Work instructions:
Please repeat the entries word for word and keep the images out.

Data for this exercise:
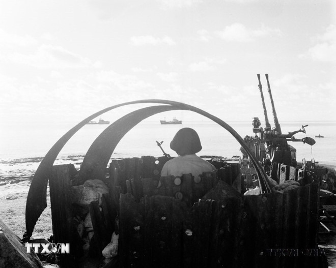 Trận chiến đấu bảo vệ chủ quyền Tổ quốc ở Gạc Ma thức tỉnh trái tim người Việt về nhiệm vụ thiêng liêng bảo vệ chủ quyền biển, đảo của Tổ quốc. Trong ảnh: Chiến sỹ đảo An Bang ngày đêm canh gác bảo vệ đảo năm 1984. (Ảnh: Hồng Thụ/TTXVN)
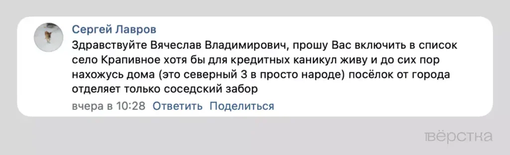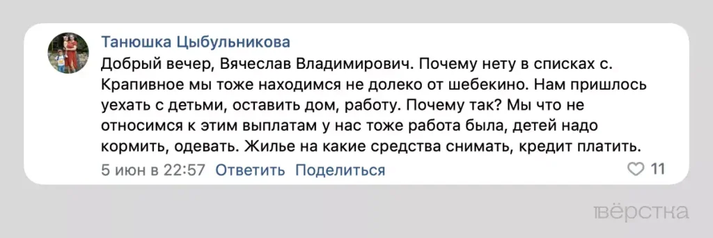 Практически все комментарии под постами губернатора Белгородской области Вячеслава Гладкова во «ВКонтакте» за последнюю неделю посвящены массированным обстрелам Шебекино и окрестностей. После 5 июня значительную часть из них оставляют жители сёл вокруг Шебекинского. В этот день Гладков опубликовал список из 38 сёл, посёлков и хуторов, жители которых могут претендовать на единовременную денежную выплату, кредитные и коммунальные каникулы.
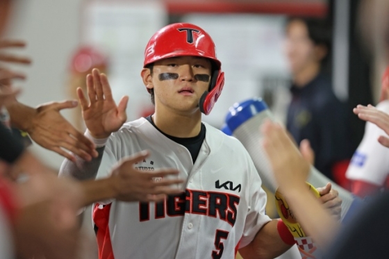 김도영은 바뀐 투수 김민규의 5구째 슬라이더를 공략해 중전 1타점 적시타로 3-2 역전을 만들었다. 윤도현의 타석 때 상대 폭투와 송구 실책이 이어져 5-2가 됐다.
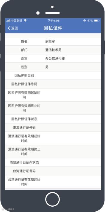 手机端解决的问题 过去,个人将护照上交后,遗忘护照信息,需要找人事干部查询,耗时费力 |
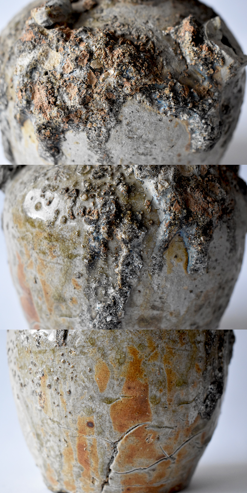 窯の中の壁の一部が剥がれ落ちて付着したのでしょう。口縁や肩にどーんとたくさんの降りものが付着しています。ベースの灰釉の上に石状の壁面がありそれが「卯の斑」を纏って青白く光っているのが魅力ですね。
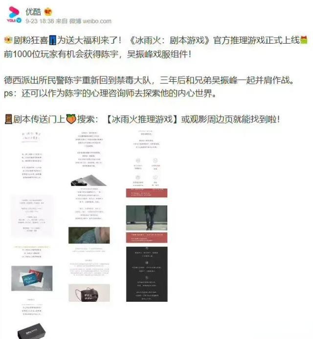 9 月 23 日,优酷官方微博发文称给剧粉送大福利,宣布《冰雨火:剧本游戏》 官方推理游戏正式上线,前 1000 位玩家有机会获得陈宇(王一博饰演)、吴振峰(陈晓饰演)戏服组件。
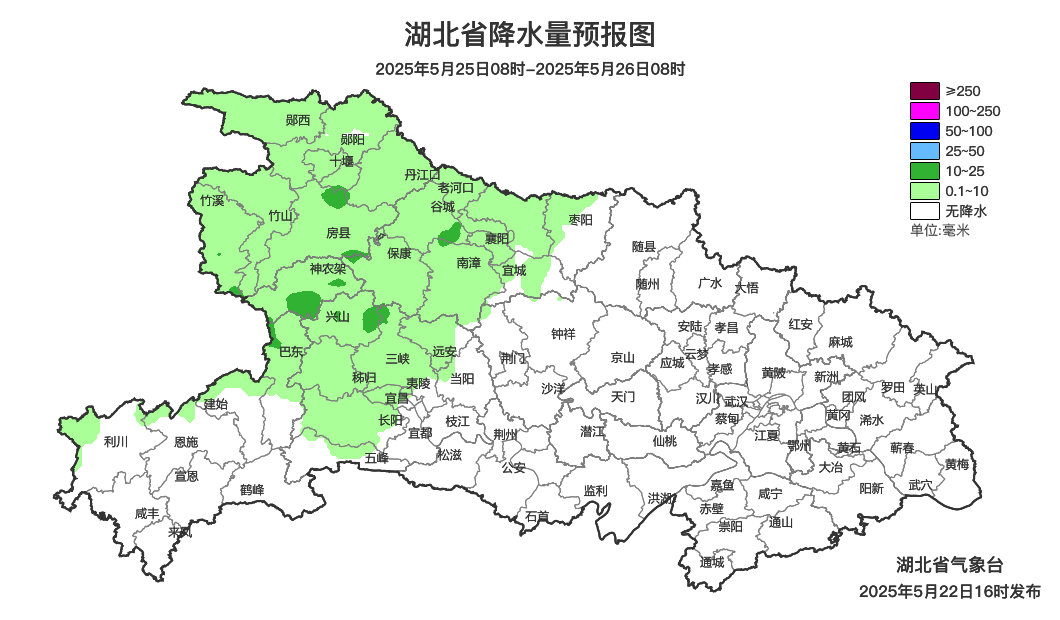 5月25日08时-26日08时,鄂西北、鄂西南北部多云有阵雨或雷阵雨;其他地区多云到晴天。最高气温24~29℃,最低气温16~20℃,偏东风2到3级。
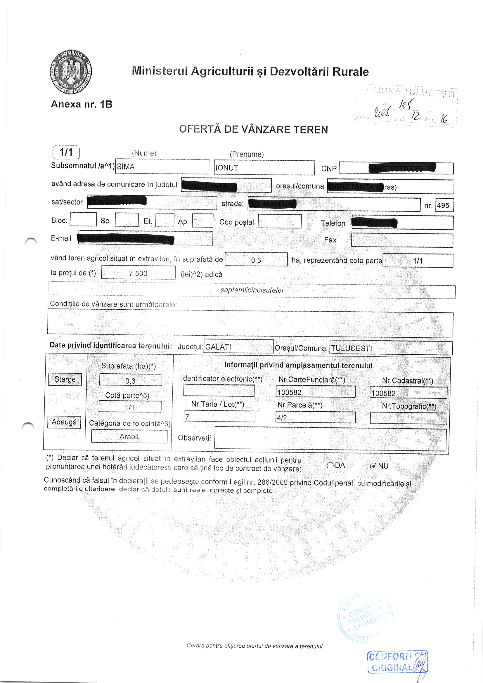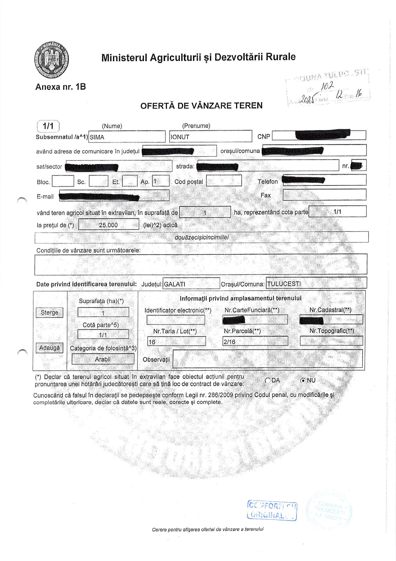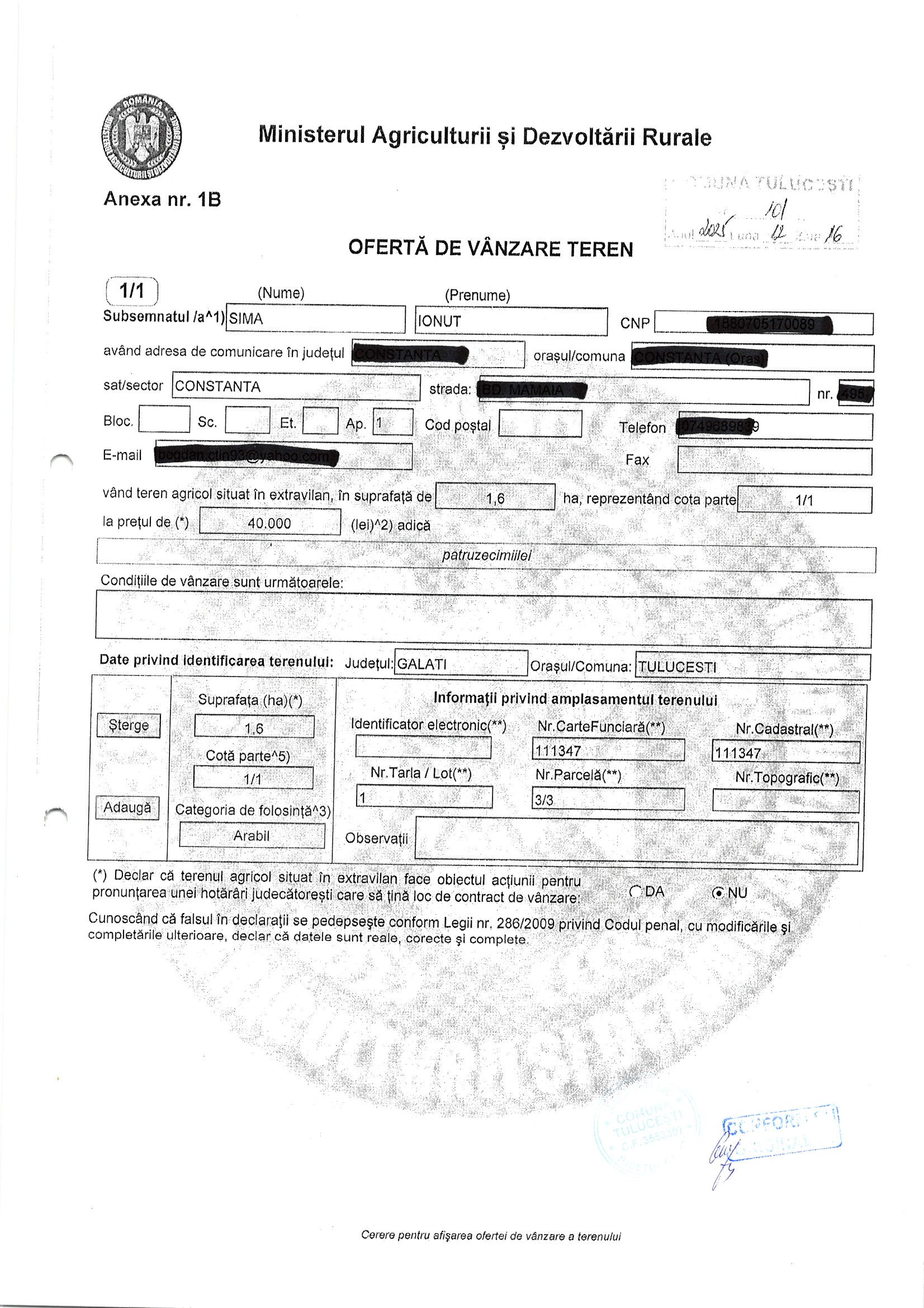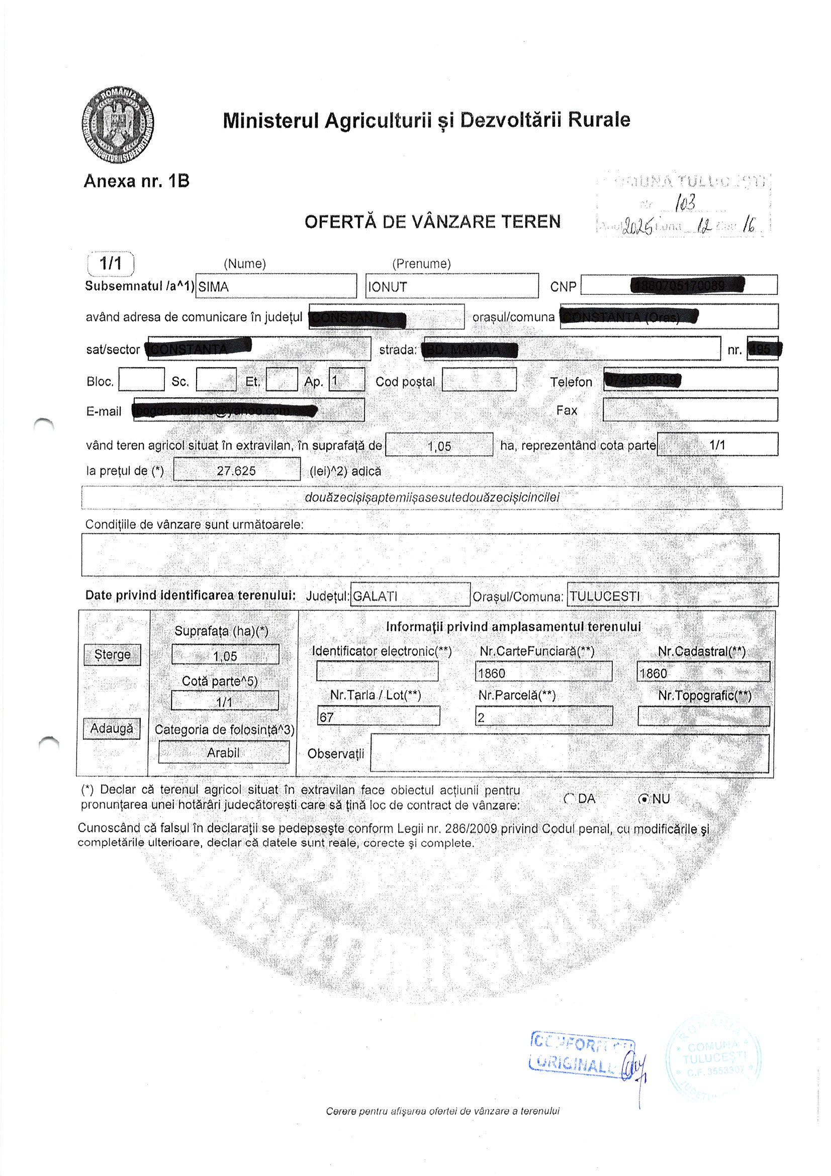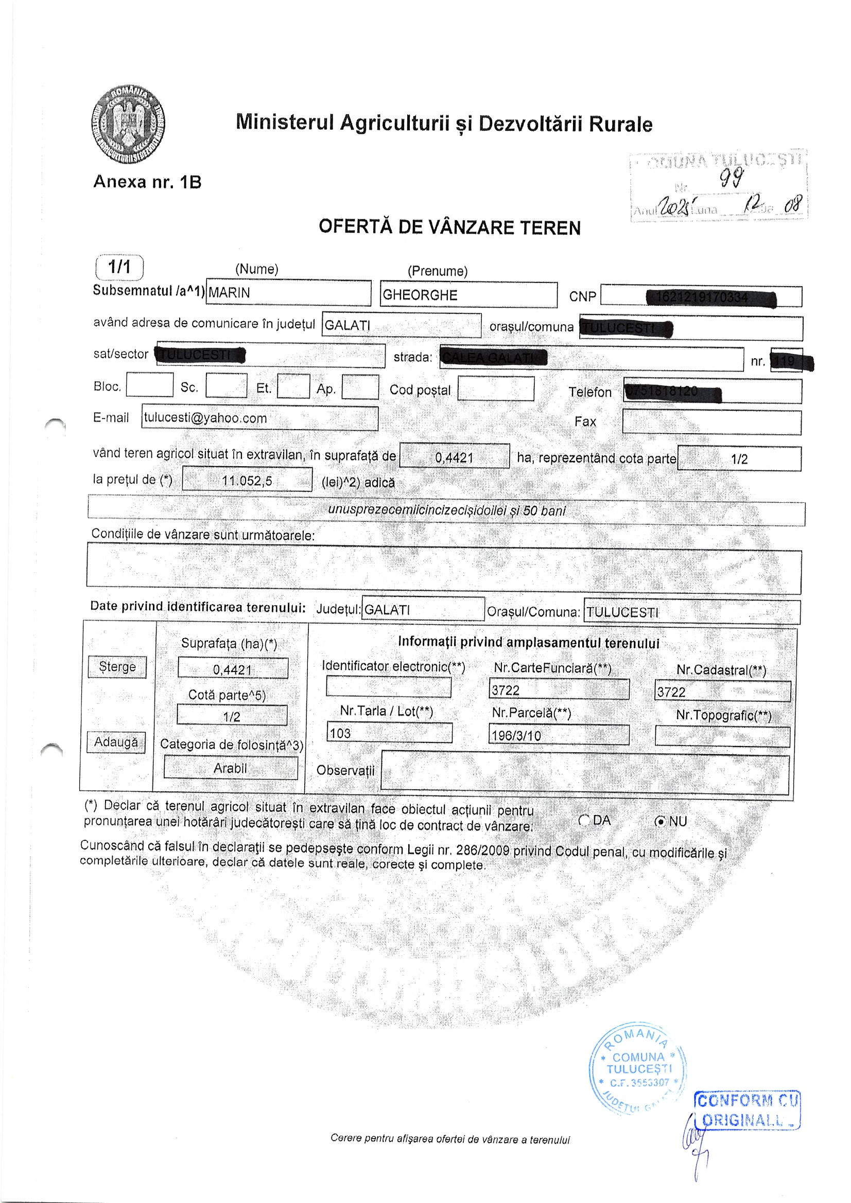 | 06.02.2026 | Marin Gheorghe | 123 | Tulucesti | 0.4421 HA | Dinu Florentina |
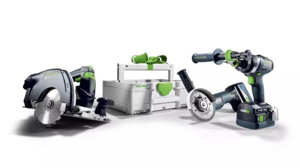 - Ce kit d'outils sans fil avec SYS-ToolBox pratique présente des équipements indispensables pour vos projets de construction en bois, y compris les moteurs EC-TC puissants, durables et sans charbons dans chaque outil. Pour par ex. découper des poutrelles ou des planches, vous trouverez la scie circulaire à capot basculant sans fil HKC 55 avec batterie de 18 V puissante dans le kit qui facilite des coupes précises et reproductibles en toute sécurité grâce aux rails de guidage combinables. La perceuse-visseuse à percussion sans fil TPC 18/4 convient parfaitement pour le montage de constructions en bois et perce également dans la maçonnerie. Son système FastFix garantit que vous pouvez alterner à tout moment les embouts variés. La meuleuse d'angle sans fils AGC 18 fait partie de la livraison pour tronçonner des matériaux durs. Grâce au moteur EC-TEC encapsulé et sans charbons et au système électronique protégé, elle est résistante à la poussière et durable. La vitesse réglable en continu de 4 500 à 8 500 tr/min garantit un tronçonnage et un meulage adaptés au matériau. Rangés en toute sécurité dans le Systainer³ pratique, vous transportez les outils sans fil et la SYS-Toolbox gratuite et comprise dans la livraison de l'atelier jusqu'au prochain chantier. Le « plus » signé FESTOOL : unique en son genre, le SAV Premium (gratuit les trois premières années) vaut pour les outils sans fil et même pour les batteries ainsi que pour les chargeurs (pour plus d'informations, rendez-vous sur festool.fr/services).

Written response:
 Trận chiến đấu bảo vệ chủ quyền Tổ quốc ở Gạc Ma thức tỉnh trái tim người Việt về nhiệm vụ thiêng liêng bảo vệ chủ quyền biển, đảo của Tổ quốc. Trong ảnh: Chiến sỹ đảo An Bang ngày đêm canh gác bảo vệ đảo năm 1984. (Ảnh: Hồng Thụ/TTXVN)
 Практически все комментарии под постами губернатора Белгородской области Вячеслава Гладкова во «ВКонтакте» за последнюю неделю посвящены массированным обстрелам Шебекино и окрестностей. После 5 июня значительную часть из них оставляют жители сёл вокруг Шебекинского. В этот день Гладков опубликовал список из 38 сёл, посёлков и хуторов, жители которых могут претендовать на единовременную денежную выплату, кредитные и коммунальные каникулы.
 김도영은 바뀐 투수 김민규의 5구째 슬라이더를 공략해 중전 1타점 적시타로 3-2 역전을 만들었다. 윤도현의 타석 때 상대 폭투와 송구 실책이 이어져 5-2가 됐다.
 手机端解决的问题 过去,个人将护照上交后,遗忘护照信息,需要找人事干部查询,耗时费力 |
 窯の中の壁の一部が剥がれ落ちて付着したのでしょう。口縁や肩にどーんとたくさんの降りものが付着しています。ベースの灰釉の上に石状の壁面がありそれが「卯の斑」を纏って青白く光っているのが魅力ですね。
 9 月 23 日,优酷官方微博发文称给剧粉送大福利,宣布《冰雨火:剧本游戏》 官方推理游戏正式上线,前 1000 位玩家有机会获得陈宇(王一博饰演)、吴振峰(陈晓饰演)戏服组件。
 5月25日08时-26日08时,鄂西北、鄂西南北部多云有阵雨或雷阵雨;其他地区多云到晴天。最高气温24~29℃,最低气温16~20℃,偏东风2到3级。
 | 06.02.2026 | Marin Gheorghe | 123 | Tulucesti | 0.4421 HA | Dinu Florentina |
 - Ce kit d'outils sans fil avec SYS-ToolBox pratique présente des équipements indispensables pour vos projets de construction en bois, y compris les moteurs EC-TC puissants, durables et sans charbons dans chaque outil. Pour par ex. découper des poutrelles ou des planches, vous trouverez la scie circulaire à capot basculant sans fil HKC 55 avec batterie de 18 V puissante dans le kit qui facilite des coupes précises et reproductibles en toute sécurité grâce aux rails de guidage combinables. La perceuse-visseuse à percussion sans fil TPC 18/4 convient parfaitement pour le montage de constructions en bois et perce également dans la maçonnerie. Son système FastFix garantit que vous pouvez alterner à tout moment les embouts variés. La meuleuse d'angle sans fils AGC 18 fait partie de la livraison pour tronçonner des matériaux durs. Grâce au moteur EC-TEC encapsulé et sans charbons et au système électronique protégé, elle est résistante à la poussière et durable. La vitesse réglable en continu de 4 500 à 8 500 tr/min garantit un tronçonnage et un meulage adaptés au matériau. Rangés en toute sécurité dans le Systainer³ pratique, vous transportez les outils sans fil et la SYS-Toolbox gratuite et comprise dans la livraison de l'atelier jusqu'au prochain chantier. Le « plus » signé FESTOOL : unique en son genre, le SAV Premium (gratuit les trois premières années) vaut pour les outils sans fil et même pour les batteries ainsi que pour les chargeurs (pour plus d'informations, rendez-vous sur festool.fr/services).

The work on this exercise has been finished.